Wanneer het bedrag dat uit het aankoopregister werd overgebracht groter is dan het bedrag dat uit het boek voor uitgaande facturen en uit het ontvangstenboek is overgebracht, hetgeen een negatief saldo teweegbrengt in het rooster ‘Belastbaar verschil’ van het vergelijkingsregister, moet dit bedrag, voorafgegaan door het plusteken, worden overgedragen naar het vak ‘Overdracht van het vorige aangiftetijdvak’ van de kolom ‘Aankoopprijs van de goederen aangekocht met toepassing van de bijzondere regeling in België’ van het aankoopregister, en geen enkel bedrag wordt ingeschreven in de roosters 01, 02, 03 en 54.

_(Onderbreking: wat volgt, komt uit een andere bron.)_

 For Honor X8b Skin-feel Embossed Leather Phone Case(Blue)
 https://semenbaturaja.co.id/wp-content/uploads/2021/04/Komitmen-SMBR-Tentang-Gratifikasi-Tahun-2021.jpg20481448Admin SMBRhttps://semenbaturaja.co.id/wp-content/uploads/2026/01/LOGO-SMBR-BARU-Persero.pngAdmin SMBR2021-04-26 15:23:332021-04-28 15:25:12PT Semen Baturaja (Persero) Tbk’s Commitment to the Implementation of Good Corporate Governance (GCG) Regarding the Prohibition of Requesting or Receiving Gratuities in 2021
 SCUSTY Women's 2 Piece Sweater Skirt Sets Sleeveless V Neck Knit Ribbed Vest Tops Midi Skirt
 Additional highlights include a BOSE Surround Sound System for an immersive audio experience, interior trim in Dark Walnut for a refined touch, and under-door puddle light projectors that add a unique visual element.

Het aldus overgedragen bedrag mag niet in aanmerking worden genomen voor de berekening van het totaalbedrag van de aankopen hetgeen moet worden opgenomen in het rooster 81 van de periodieke btw-aangifte.

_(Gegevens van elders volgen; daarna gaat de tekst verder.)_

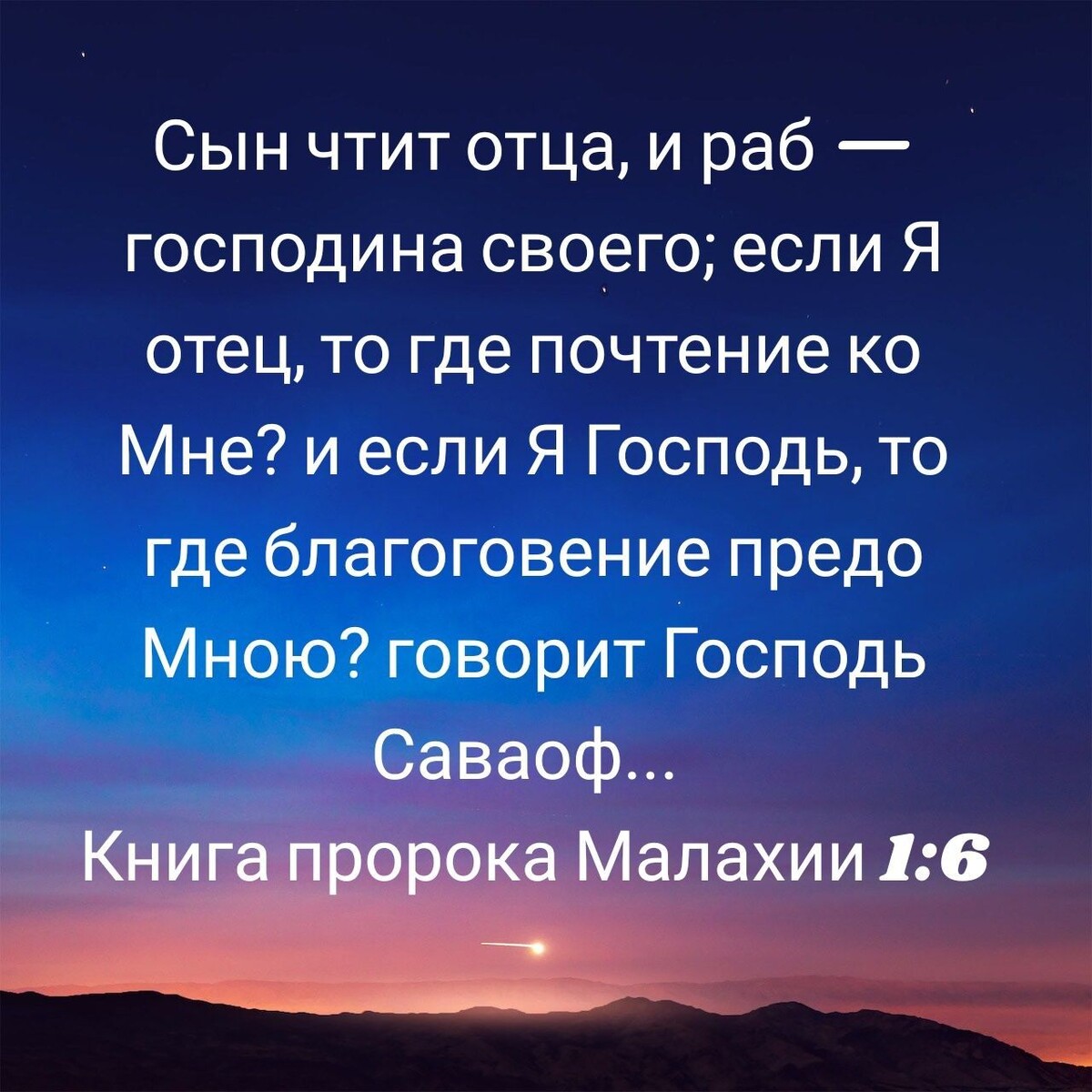 «Сын чтит отца, и раб — господина своего; если Я отец, то где почтение ко Мне? И если Я Господь, то где благоговение предо Мною? — говорит Господь Саваоф вам, священники, бесславящие имя Моё. Вы говорите: “Чем мы бесславим имя Твоё?” Вы приносите на жертвенник Мой нечистый хлеб, и говорите: “Чем мы бесславим Тебя?” Тем, что говорите: “Трапеза Господня не стоит уважения”. И когда приносите в жертву слепое, не худо ли это? Или когда приносите хромое и больное, не худо ли это? Поднеси это твоему князю — будет ли он доволен тобой и благосклонно ли примет тебя? — говорит Господь Саваоф. — Итак, молитесь Богу, чтобы помиловал вас; а когда такое исходит из рук ваших, то может ли Он милостиво принимать вас? — говорит Господь Саваоф».

2.2.2.3.2. Voor de handelingen verricht onder de winstmargeregeling gedurende het laatste aangiftetijdvak van het jaar

De belastingplichtige wederverkoper moet jaarlijks een inventaris opmaken van de voorraad goederen onderworpen aan de bijzondere regeling van belastingheffing over de winstmarge.

Deze inventaris zal niet alleen toelaten om bij de vaststelling van de totale winstmarge op jaarbasis rekening te houden met de voorraadschommelingen, maar laat tevens toe het totaalbedrag, in aankoopprijs, te bepalen van de tijdens het jaar verkochte goederen.

Het bedrag van de begininventaris (beginvoorraad) verhoogd met het bedrag van de gedurende het jaar verrichte aankopen en verminderd met het bedrag van de eindinventaris (eindvoorraad), geeft als resultaat het bedrag van de verkochte aankopen.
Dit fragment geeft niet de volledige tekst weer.